Friday, April 9, 2010

Creating custom properties in visual web part 2010



Visual webpart is one of best feature provided in Sharepoint 2010.This is the capability to create Webparts using a visual interface in Sharepoint 2010 so it’s called as Visual WebParts. it’s become very easy and fast to create webpart as well as deploy webpart to sharepoint server. Bringing visual webpart in visual studio 2010 microsoft had made it less effotable task. But there are some complicated things still developers need to know and one of that is creating custom properties.

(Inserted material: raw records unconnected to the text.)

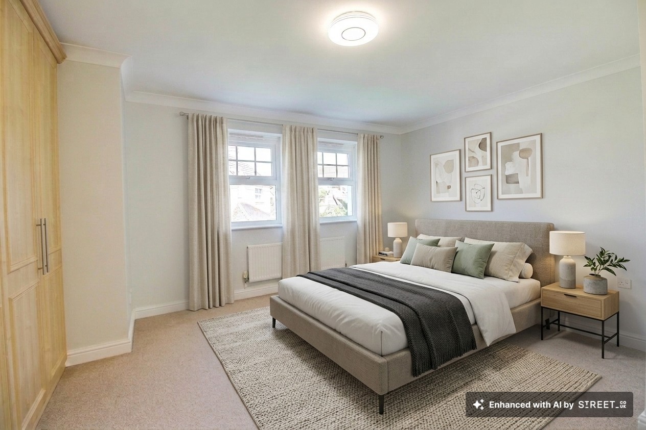 Windows to the front, fitted wardrobes, radiator and fitted carpet.
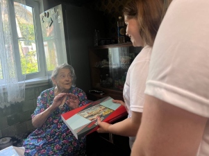 Волонтёры провели с Альбиной Васильевной тёплый, душевный разговор. Она поделилась воспоминаниями о тяжелых военных годах, а также рассказала о своей молодости и жизни в послевоенное время.
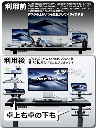 高品質スチール製: 専門家デザイン航空グレード鋼材採用厚めで剛性もしっかりとしていて強度があります。また、下部へカバン等を引っ掛ける所がある、磁石式の小物入れや、下側のフックがとても便利でヘッドホンスタンド・ヘッドホンフォルダーとして役に立ちます。オフィスデスク、オフィスワークテーブル、電動 昇降式デスクに対応する改良型
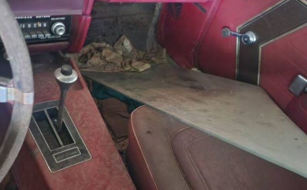 The history of the AMX isn’t known, but it saw enough use over the years to have the odometer turnover (something you don’t see on newer cars since they went from five significant digits to six). The body is full of dents, and the hood isn’t in the photos, but the seller says it’s there somewhere and will go with the sale.
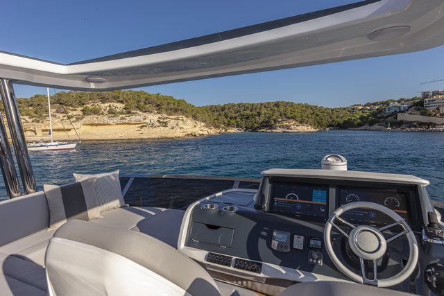 Tanto el del arriba como el del salón llaman la atención por su equipamiento. El del fly, más sencillo y con un diseño básico, presenta dos grandes pantallas, para los motores y la navegación, con los mandos electrónicos de los IPS y el control de la hélice de proa, así como los sistemas de trimado, opcionales en este barco. No nos convence aquí arriba la colocación de un gran compás en la parte superior de la consola, ni la efectividad del deflector parabrisas.
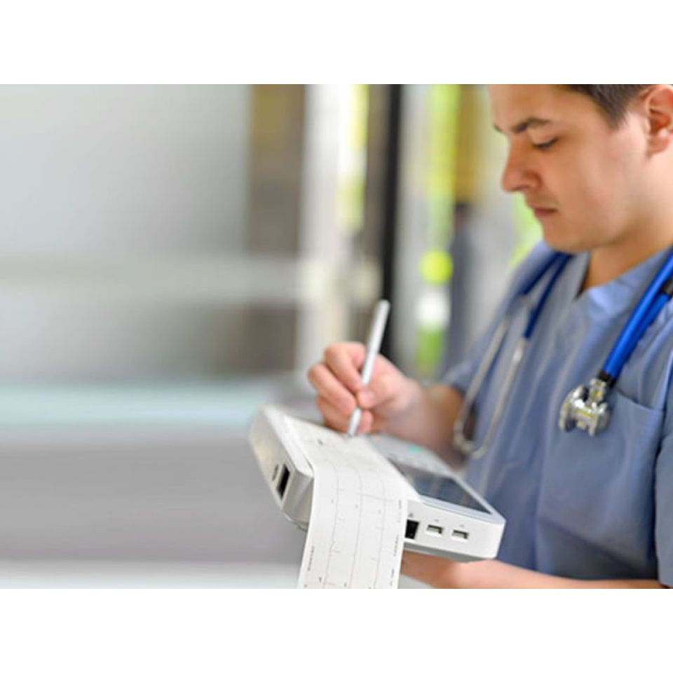 El Mindray BeneHeart R3 es una máquina de ECG de 3 canales que deriva el ECG de reposo, lo que permite por sus teclas rápidas un manejo sencillo y cómodo. Su diseño compacto y peso ligero, hacen a la Mindray R3 ideal para el uso móvil. Los registros de ECG se pueden transferir al PC fácilmente utilizando una memoria USB. Al imprimir el ECG del BeneHeart actúa como un panel de escritura, permitiendo que el médico pueda después grabar notas y firmar para complementar directamente la impresión del ECG.
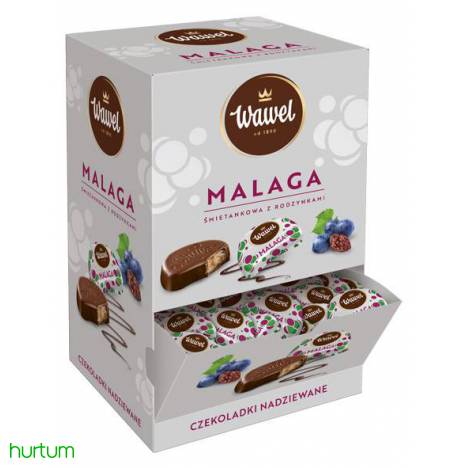 Czekoladka Malaga to smak uwielbiany od pokoleń. Delikatne śmietankowe nadzienie pełne kawałków słodkich rodzynek, zatopione w doskonałej deserowej czekoladzie.
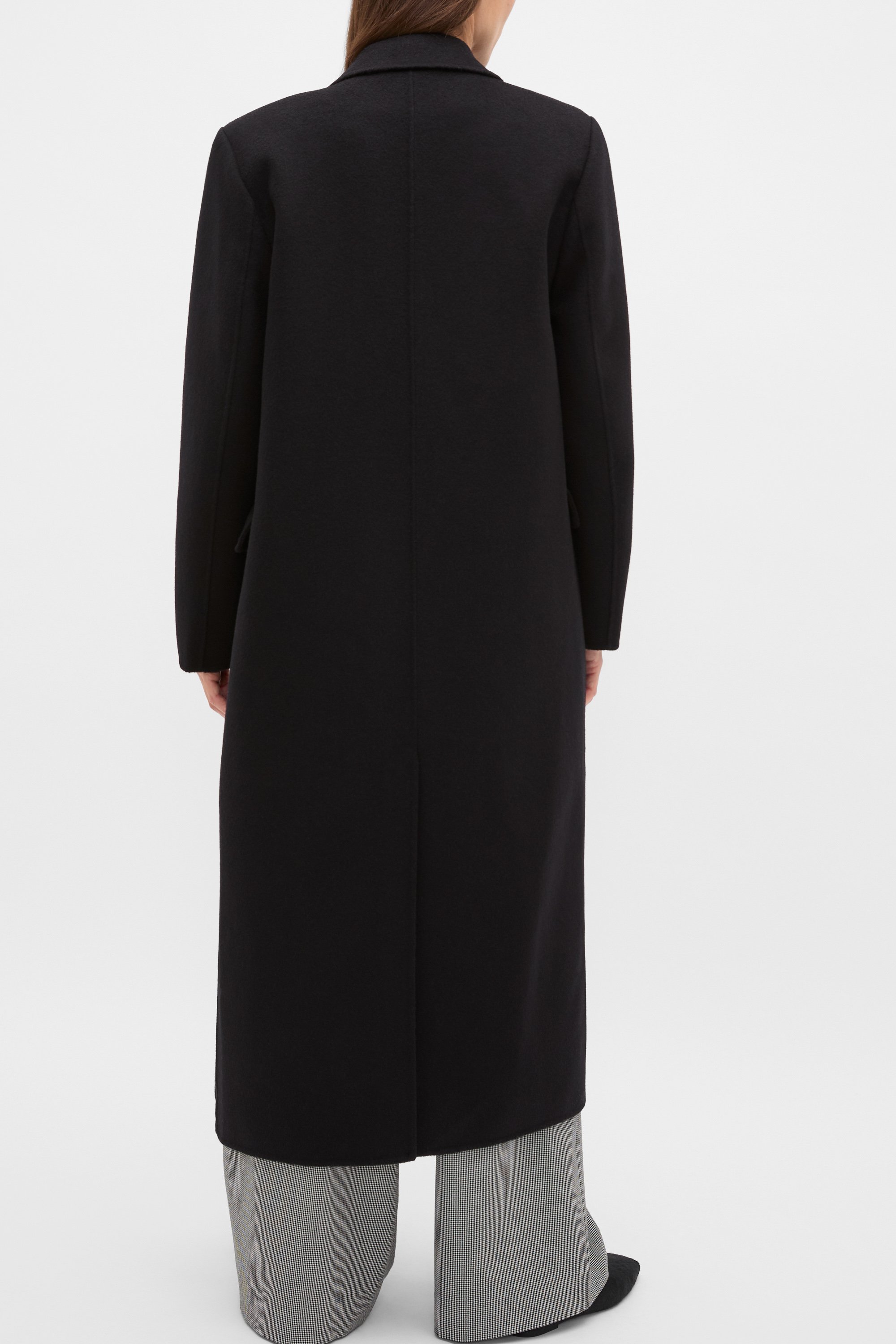 Simple, elegant, and utterly essential, this coat is a timeless classic. Crafted in a soft wool blend with a structured shape, it's a double-breasted style with a notched lapel, long sleeves and a longline cut. Designed for elegant winter layering, this coat is one you'll turn to time and time again.
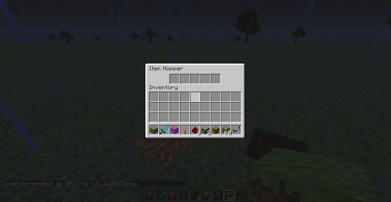 1. Place these blocks in the order as follows: hopper, redstone block, extended sticky piston facing the redstone block
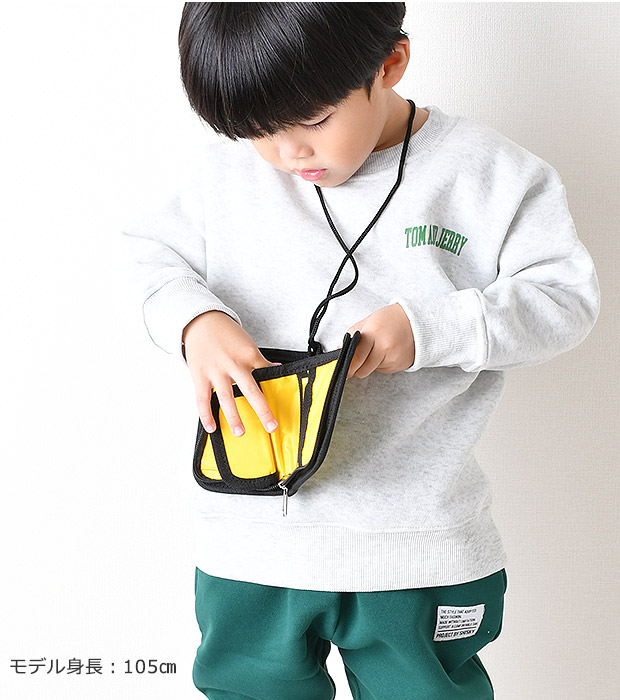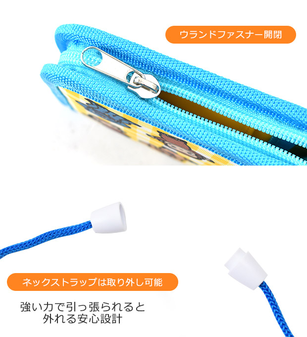 首からかけられるネック紐付きで、外出時も安心。幼稚園や小学校での使用に最適です。
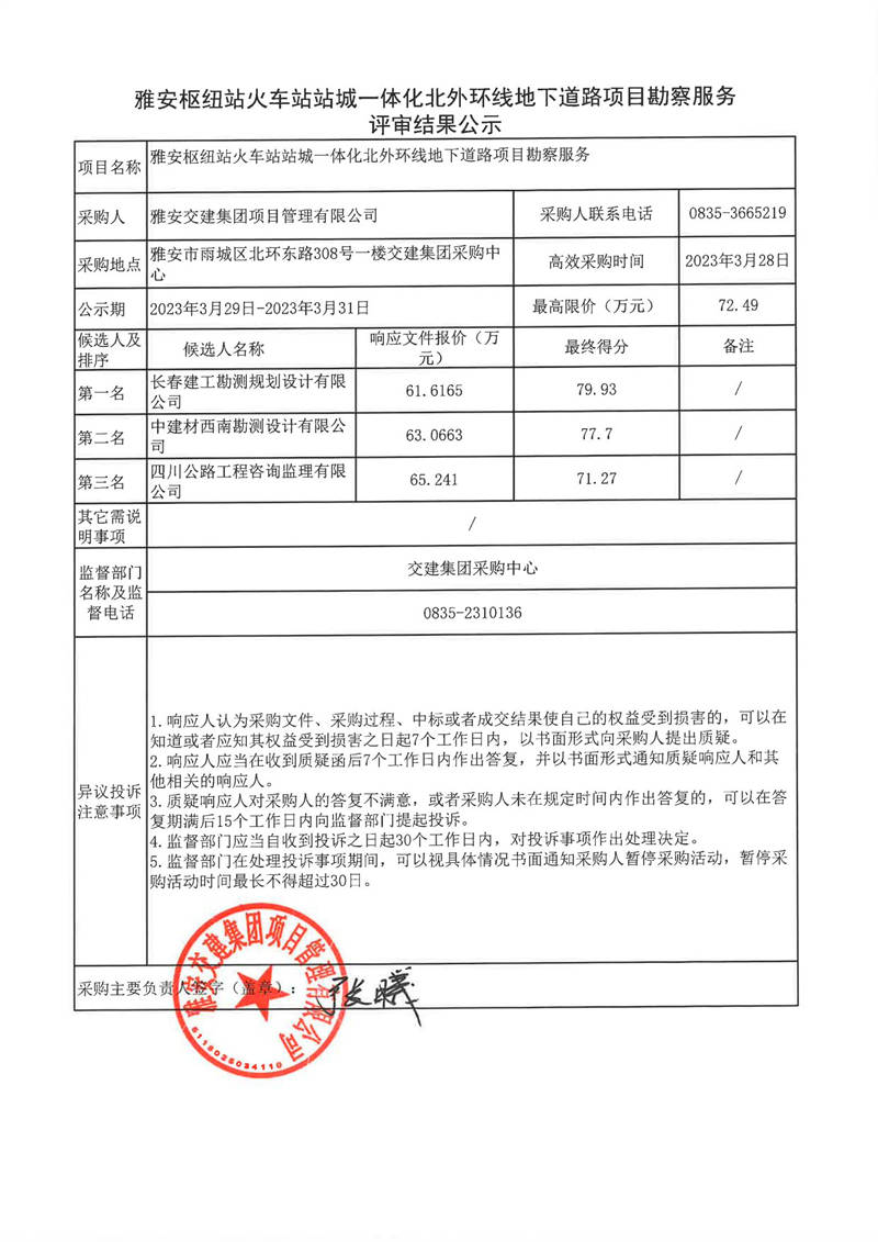 雅安交建集團項目管理有限公司雅安樞紐站火車站站城一體化北外環(huán)線地下道路項目勘察服務評審結果公示
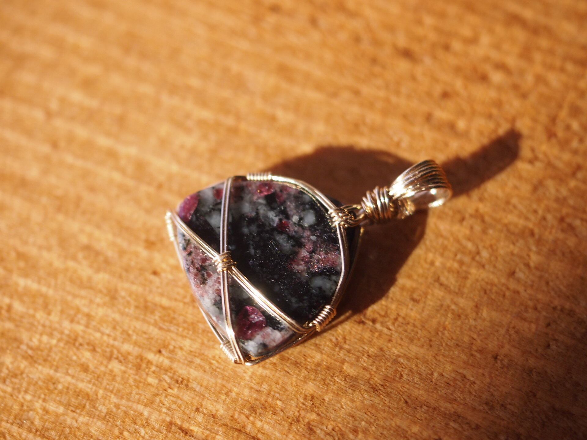 赤みの強いピンクの部分は、美しい透明感があり、この石が最初に発見されたグリーンランドでは、当初ガーネットだと考えられていたという逸話がしっくりくる、魅力的な石です。

Few days back I worked on it for one the customer requirement. I think this could be very useful blog for those who are working on custom web part development using visual studio 2010.
When create new visual web part VS creates following files structure for a new visual web part

















It y creates the web part class and calls the user control by using page.LoadControl method. When we deploy the web part it copies the user control to the Control template folder under 14 hives and defies the same path in web part class.
The main thing we discus here is custom properties. The custom properties are written like this in user control class.
//properties for Title
[System.Web.UI.WebControls.WebParts.WebBrowsable(true),
System.Web.UI.WebControls.WebParts.WebDisplayName("WebPart Title"),
System.Web.UI.WebControls.WebParts.WebDescription(""),
System.Web.UI.WebControls.WebParts.Personalizable(
System.Web.UI.WebControls.WebParts.PersonalizationScope.Shared),
System.ComponentModel.Category("Settings"),
System.ComponentModel.DefaultValue("")
]

public string WebpartTitle
{
get
{
return title;
}
set
{
title = value;
}
}
//propertiesfor Group Name
[System.Web.UI.WebControls.WebParts.WebBrowsable(true),
System.Web.UI.WebControls.WebParts.WebDisplayName("Group Name"),
System.Web.UI.WebControls.WebParts.WebDescription(""),
System.Web.UI.WebControls.WebParts.Personalizable(
System.Web.UI.WebControls.WebParts.PersonalizationScope.Shared),
System.ComponentModel.Category("Settings"),
System.ComponentModel.DefaultValue("")
]
public string GroupName
{
get
{
return groupName;
}
set
{
groupName = value;
}
}

The same above mentioned code we need to write in web part class. In create child controls class we need to access the properties like this way
// Visual Studio might automatically update this path when you change the Visual Web Part project item.
private const string _ascxPath = @"~/_CONTROLTEMPLATES/SiteUsersWP/VisualWebPart1/VisualWebPart1UserControl.ascx";
protected override void CreateChildControls()
{
usercontrol = (VisualWebPart1UserControl)this.Page.LoadControl(_ascxPath);
usercontrol.WebpartTitle = this.WebpartTitle;
usercontrol.GroupName = this.GroupName;
Controls.Add(usercontrol);
base.CreateChildControls();

}

The custom properties we write goes under settings section when we edit web part in user interface.